Every line below from the one with "Выключатель автоматический трехполюсный" through the one with "an emergency situation." should be retyped exactly, both ends included; no other lines and no pictures.

Listed records:
--- START ---

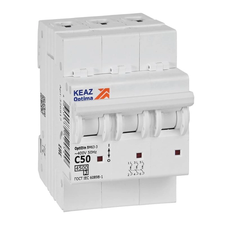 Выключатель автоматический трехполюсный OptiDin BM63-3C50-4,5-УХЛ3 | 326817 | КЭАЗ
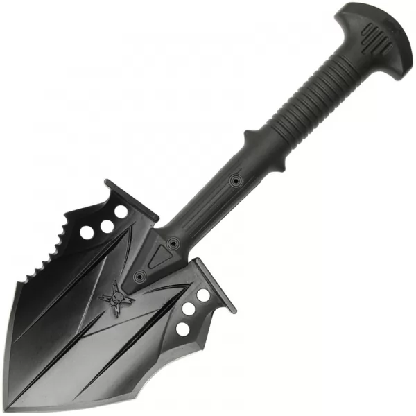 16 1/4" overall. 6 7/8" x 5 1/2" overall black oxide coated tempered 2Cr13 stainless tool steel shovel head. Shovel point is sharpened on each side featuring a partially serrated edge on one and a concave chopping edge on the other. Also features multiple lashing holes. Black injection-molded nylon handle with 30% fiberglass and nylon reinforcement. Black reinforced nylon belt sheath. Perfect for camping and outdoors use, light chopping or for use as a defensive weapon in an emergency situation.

--- END ---
--- START ---

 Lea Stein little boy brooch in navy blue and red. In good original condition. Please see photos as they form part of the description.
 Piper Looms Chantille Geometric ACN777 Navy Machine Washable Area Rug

--- END ---

Problem solution:
 Выключатель автоматический трехполюсный OptiDin BM63-3C50-4,5-УХЛ3 | 326817 | КЭАЗ
 16 1/4" overall. 6 7/8" x 5 1/2" overall black oxide coated tempered 2Cr13 stainless tool steel shovel head. Shovel point is sharpened on each side featuring a partially serrated edge on one and a concave chopping edge on the other. Also features multiple lashing holes. Black injection-molded nylon handle with 30% fiberglass and nylon reinforcement. Black reinforced nylon belt sheath. Perfect for camping and outdoors use, light chopping or for use as a defensive weapon in an emergency situation.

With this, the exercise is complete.